Task description -> Reproduce the lines below exactly, from the one containing "An energy-rich electrolyte" through the one containing "A ce titre, la", both included. Leave out any pictures.

Dataset records ->
:::::

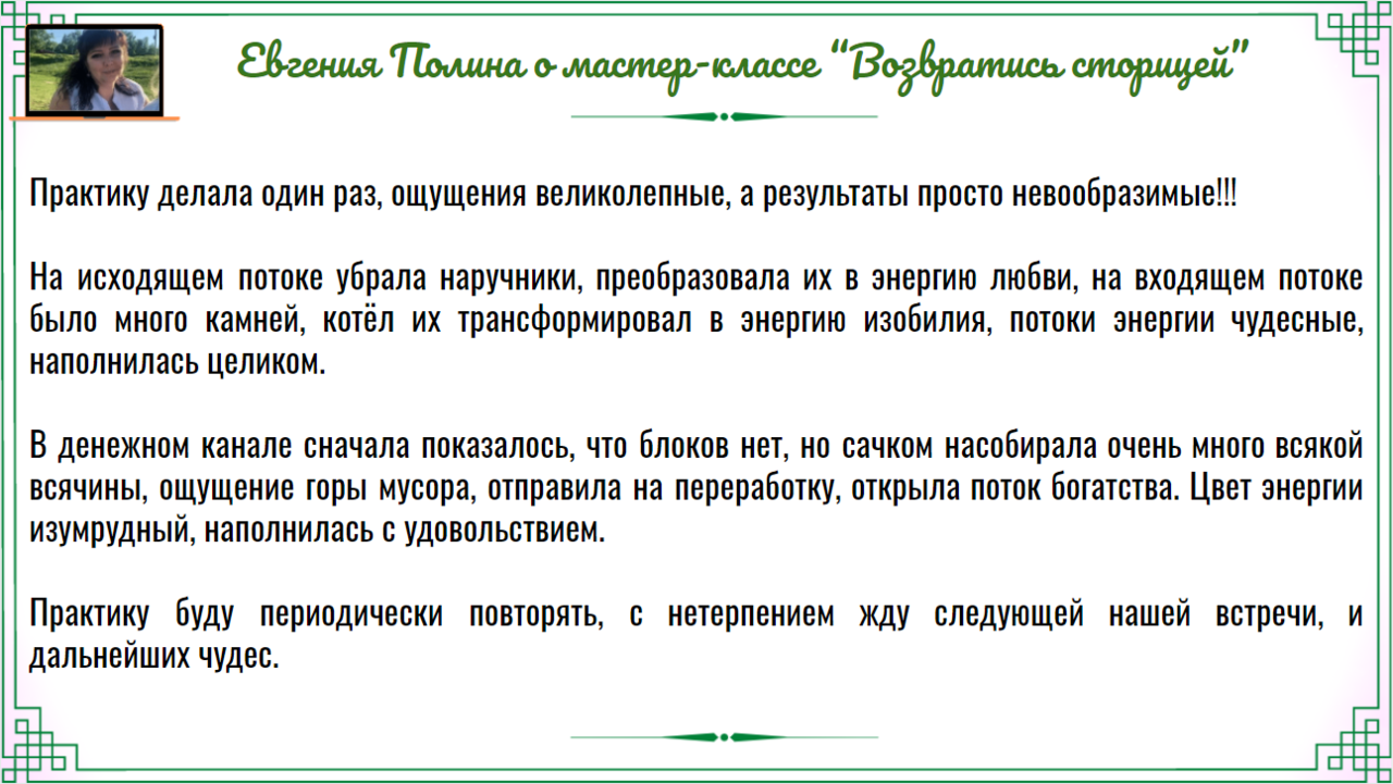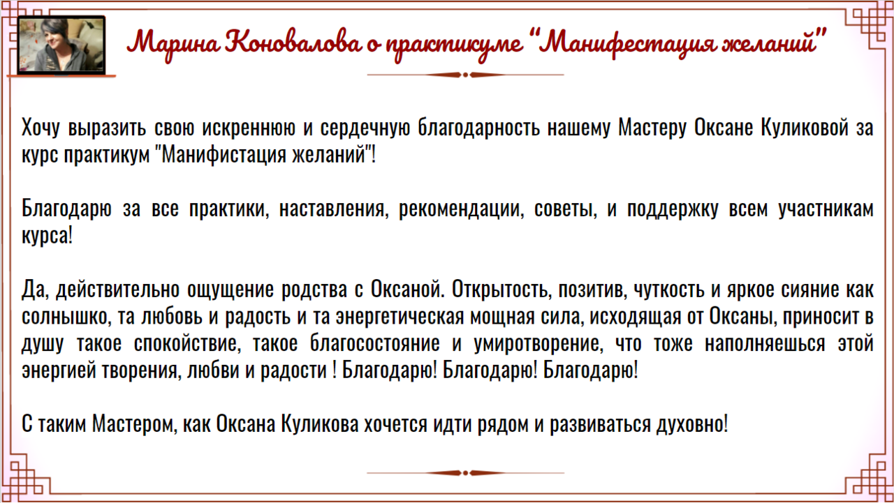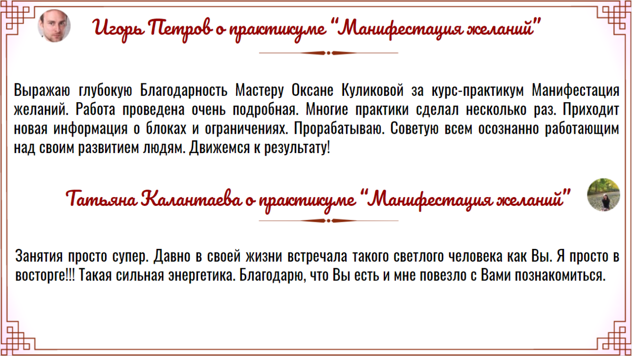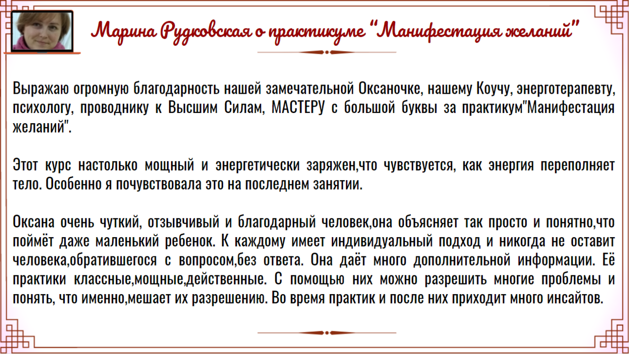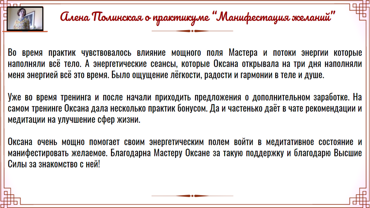 Отзывы о практикуме «Сотворение Новых Возможностей»
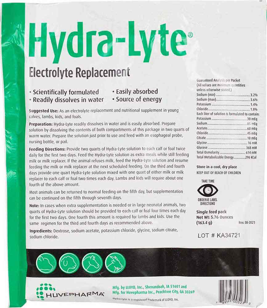 An energy-rich electrolyte replacement and nutritional supplement for young calves, lambs and foals. Restores normal body fluid and electrolyte balance to help reverse loss of body weight. Contains: potassium, sodium acetate, sodium chloride, sodium citrate, dextrose, glycine and glucose. Give 2 quarts solution to calves and foals twice daily for the first two days, then on days 3 and 4, mix 1 qt. solution with 1 qt. milk or milk replacer. Lambs require about 1/4 of the above dosage.
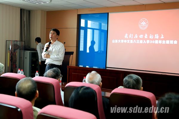 曾经执教83级的教师于维璋、滕咸惠、马瑞芳、牛运清、张可礼、解洪祥、吴开晋、王延晞、王培元、孔智光、张华、郑凤兰、谭好哲、马龙潜、耿建华、冯玮、王永革、贾殿贻、王晓等参加班会。与会老师们陆续发言,或回忆、或感慨、或嘱托、或祝福。时任83级级主任的孔智光教授声情并茂地朗诵了《沁园春•长沙》,带领大家一起回顾了那段“同学少年,风华正茂”的美好岁月。文学院院长郑春代表学院欢迎校友们回家,他说,校友返校活动最大的意义就是唤回青春,唤醒记忆,唤起一种温暖的情感,他介绍了学院近几年在教学科研、学科建设等方面的发展成就以及未来规划,期待校园内外的文院人建设好共同的精神家园。山大合作发展部部长王飞,文学院党委书记王德胜参加班会。
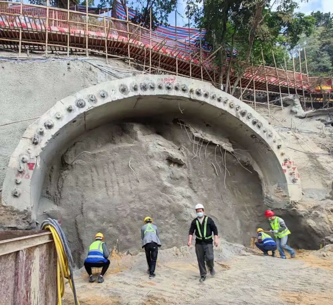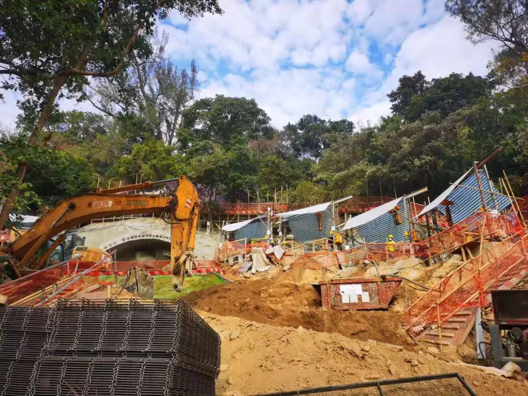 该项目主要工程内容包括新建长度约300米的行人隧道,并建造配套行人天桥及升降机系统等设施。行人隧道施工主要由南向北推进,现隧道北洞口位置正在进行场地平整,隧道南洞口正在进行相关开挖和支护施工,其中南洞口大管棚施工完成,隧道主体已经启动开挖施工,隧道南洞口东侧人行步道开挖工作基本完成。
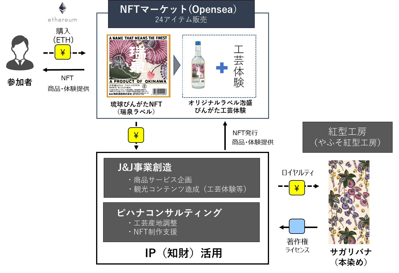 この取り組みの第1弾として、琉球びんがたラベルの泡盛購入権付NFTを2022年7月上旬に那覇市内で開催されたIVS(国内外のスタートアップ経営者・上場企業経営者が集う国内最大級のカンファレンス)にて展示・販売しました。琉球びんがたの知的財産(IP)は、連携するやふそ紅型工房及び一般社団法人琉球びんがた普及伝承コンソーシアムが提供し、IPの管理とNFTの発行をJ&J事業創造とピハナコンサルティングの両社で行いました。また、NFT購入者には、琉球びんがた工房訪問の権利もあわせて付与し、デジタル資産の枠を超えた価値を持たせ、地域における来訪者と産地の交流機会の創出も狙いました。
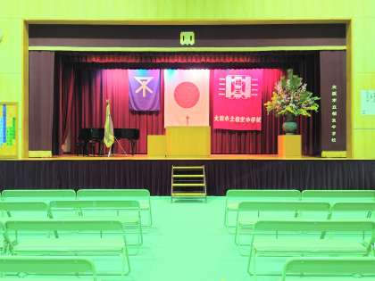 午後からは、1・2年生が一生懸命に卒業式の準備を行ってくれました。今、静かな体育館は、明日の卒業式の主役である3年生の出番を待っています。
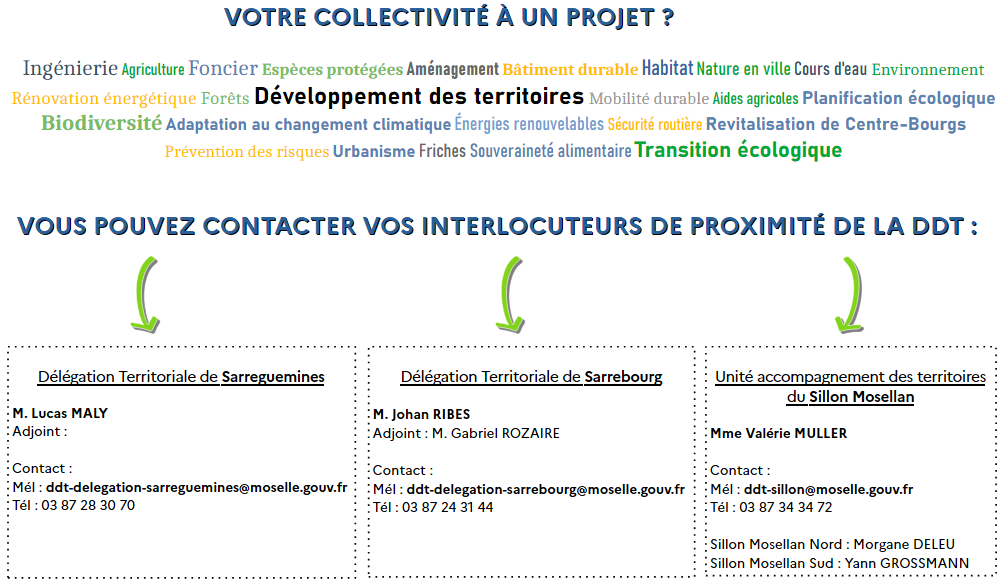 A ce titre, la DDT propose son accompagnement et ses conseils à l'ensemble des acteurs locaux, aussi bien sur le volet réglementaire que sur le partage des politiques publiques.
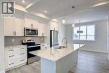 END UNIT, SIDE ENTRY TO BASEMENT. THIS HOME IS UNDER CONSTRUCTION, APPROX.60 DAYS TO COMPLETION. DOUBLE DETACHED GARAGE, DECK, FENCED AND LANDSCAPED, NO CONDO FEES. PICTURES ARE OF SAME MODEL, NOT SUBJECT PROPERTY. Welcome to the "St. Andrews" townhome, by Award winning, Master Builder, Douglas Homes Ltd. From the front covered porch, the entry opens onto the spacious great room with 9ft ceiling and gleaming hardwood floors throughout the main floor. The aspiring chef will appreciate the well planned "island" kitchen. From the upgraded 42 inch, soft close cabinets, to the gorgeous quartz countertops, everything is within easy reach. The sparkling stainless steel fridge, the glass top, self cleaning electric range, dishwasher, and over the range microwave/hoodfan are all just an arms length from the kitchen sink. Opposite side of the island, provides a convenient pantry, and desk with upper cabinet for all those recipe books you will collect. The spacious dining area features a large picture window looking out upon the back yard with room for the kids to play, with a rear entry door to the deck for those summer bbq's. Here also is a 2pc powder room for your guests convenience, and perhaps the kids hurried need. Upstairs includes 2 good sized secondary bedrooms, a 4pce bathroom with quartz vanity and tile floors, a convenient upstairs laundry, and a spacious primary bedroom with large upsized window and ensuite bath, with walk in shower, with glass front, tile floor and again a quartz vanity. The full basement provides rough in plumbing for a future bath, one window for future bedroom, and enough space remaining for a spacious future family room if you decide your family needs room to spread. All this in the desirable new subdivision Cobblestone Creek, with tennis courts, playgrounds, future school reserve, pathways and numerous green spaces, on the western edge of Airdrie, with wide open country side, and views to the west.Directions: (id:6769)

:::::

Output ->
 An energy-rich electrolyte replacement and nutritional supplement for young calves, lambs and foals. Restores normal body fluid and electrolyte balance to help reverse loss of body weight. Contains: potassium, sodium acetate, sodium chloride, sodium citrate, dextrose, glycine and glucose. Give 2 quarts solution to calves and foals twice daily for the first two days, then on days 3 and 4, mix 1 qt. solution with 1 qt. milk or milk replacer. Lambs require about 1/4 of the above dosage.
 曾经执教83级的教师于维璋、滕咸惠、马瑞芳、牛运清、张可礼、解洪祥、吴开晋、王延晞、王培元、孔智光、张华、郑凤兰、谭好哲、马龙潜、耿建华、冯玮、王永革、贾殿贻、王晓等参加班会。与会老师们陆续发言,或回忆、或感慨、或嘱托、或祝福。时任83级级主任的孔智光教授声情并茂地朗诵了《沁园春•长沙》,带领大家一起回顾了那段“同学少年,风华正茂”的美好岁月。文学院院长郑春代表学院欢迎校友们回家,他说,校友返校活动最大的意义就是唤回青春,唤醒记忆,唤起一种温暖的情感,他介绍了学院近几年在教学科研、学科建设等方面的发展成就以及未来规划,期待校园内外的文院人建设好共同的精神家园。山大合作发展部部长王飞,文学院党委书记王德胜参加班会。
 该项目主要工程内容包括新建长度约300米的行人隧道,并建造配套行人天桥及升降机系统等设施。行人隧道施工主要由南向北推进,现隧道北洞口位置正在进行场地平整,隧道南洞口正在进行相关开挖和支护施工,其中南洞口大管棚施工完成,隧道主体已经启动开挖施工,隧道南洞口东侧人行步道开挖工作基本完成。
 この取り組みの第1弾として、琉球びんがたラベルの泡盛購入権付NFTを2022年7月上旬に那覇市内で開催されたIVS(国内外のスタートアップ経営者・上場企業経営者が集う国内最大級のカンファレンス)にて展示・販売しました。琉球びんがたの知的財産(IP)は、連携するやふそ紅型工房及び一般社団法人琉球びんがた普及伝承コンソーシアムが提供し、IPの管理とNFTの発行をJ&J事業創造とピハナコンサルティングの両社で行いました。また、NFT購入者には、琉球びんがた工房訪問の権利もあわせて付与し、デジタル資産の枠を超えた価値を持たせ、地域における来訪者と産地の交流機会の創出も狙いました。
 午後からは、1・2年生が一生懸命に卒業式の準備を行ってくれました。今、静かな体育館は、明日の卒業式の主役である3年生の出番を待っています。
 A ce titre, la DDT propose son accompagnement et ses conseils à l'ensemble des acteurs locaux, aussi bien sur le volet réglementaire que sur le partage des politiques publiques.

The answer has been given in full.